WHAT TO WORK ON:
Every line from the first record below down to the line that includes "Мужская футболка оверсайз" must be reproduced exactly; the pictures are not.
Top of LISTED ENTRIES
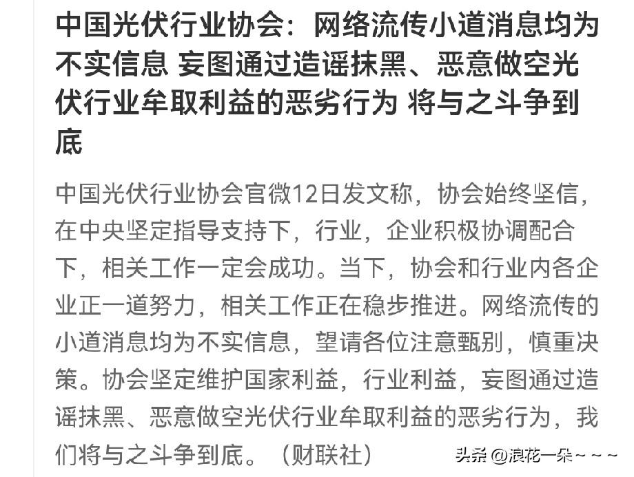 “敌人”用心险恶啊?! 谁在做空我们的光伏行业谋取利益?光伏协会的话已经说的很严重了,将与之斗争到底。 看来这造谣者,不是一般的造谣,肯定是非常严重影响非常巨大的造谣。 毕竟光伏行业是未来产业和绿色产业,全世界都在发展绿色能源,而且国外的绿色能源需求还是非常大的,你看看这些贫穷的地区,缺电缺的这么严重,就连欧洲等国家缺电也缺的非常严重。 在我国光伏产业发展非常好的情况下,技术领先的情况下,这些造谣一些“幺蛾子”出来肯定是居心不良啊!直接导致今天股市光伏板块大跌!
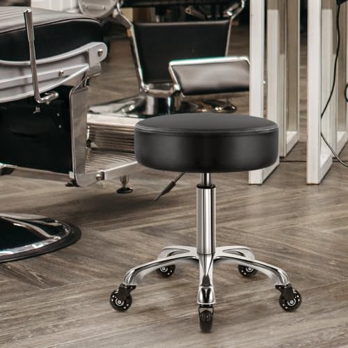 WKWKER Heavy Duty Rolling Kruk met Wielen Hydraulische Draaibare Verstelbare Rolling Stool Ergonomische Dikke Lederen Zitkruk Stoel Voor Keuken Opstellen Lab Kantoor Salon Berichtkruk – Zwart
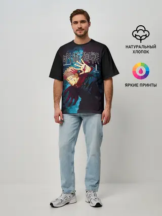 Мужская футболка оверсайз / Юдзи Итадори Магическая битва
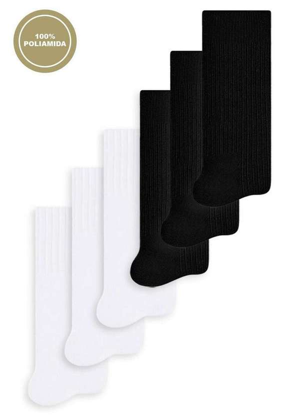 Selene - Kit 6 pares de Meias Infantil Cano Longo Selene 5010-002 Branco-Preto
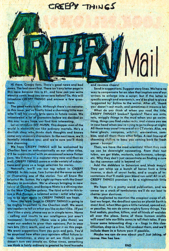 Pingback: Beyond Human Conjecture: Charlton Comics’ “Creepy Things” – Mike Ap
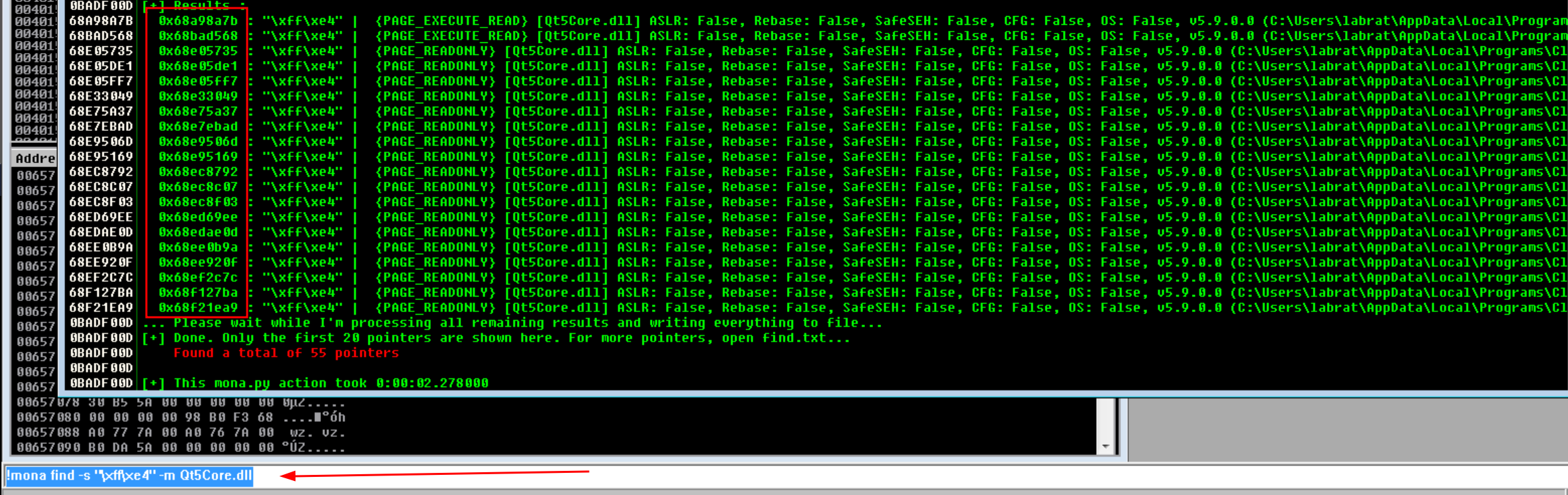 Okay the opcode for jmp esp is FF E4. Now let check this opcode is available or not inside our Qt5Core.dll using this command !mona find -s "\xff\xe4" -m Qt5Core.dll
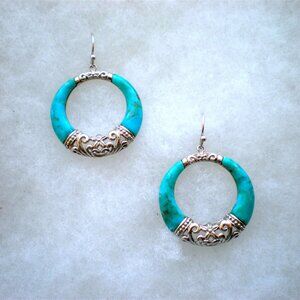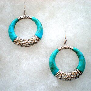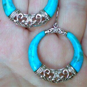 Gorgeous LARGE Artisan Designer NF signed solid Sterling Silver 925 genuine Turquoise Dangle Pierced Earrings approximately 12.1 grams (marked on backs "NF 925 Thailand" and acid tested). They are about 1 3/4" in length (with hooks) and about 1.25" in their widest, dangle part is about 1 5/16". These unique Earrings are in great MINT pre-owned condition. retail between $149-400 stauer timeless turquoise earrings
Bottom of LISTED ENTRIES
SOLVED EXERCISE:
 “敌人”用心险恶啊?! 谁在做空我们的光伏行业谋取利益?光伏协会的话已经说的很严重了,将与之斗争到底。 看来这造谣者,不是一般的造谣,肯定是非常严重影响非常巨大的造谣。 毕竟光伏行业是未来产业和绿色产业,全世界都在发展绿色能源,而且国外的绿色能源需求还是非常大的,你看看这些贫穷的地区,缺电缺的这么严重,就连欧洲等国家缺电也缺的非常严重。 在我国光伏产业发展非常好的情况下,技术领先的情况下,这些造谣一些“幺蛾子”出来肯定是居心不良啊!直接导致今天股市光伏板块大跌!
 WKWKER Heavy Duty Rolling Kruk met Wielen Hydraulische Draaibare Verstelbare Rolling Stool Ergonomische Dikke Lederen Zitkruk Stoel Voor Keuken Opstellen Lab Kantoor Salon Berichtkruk – Zwart
 Мужская футболка оверсайз / Юдзи Итадори Магическая битва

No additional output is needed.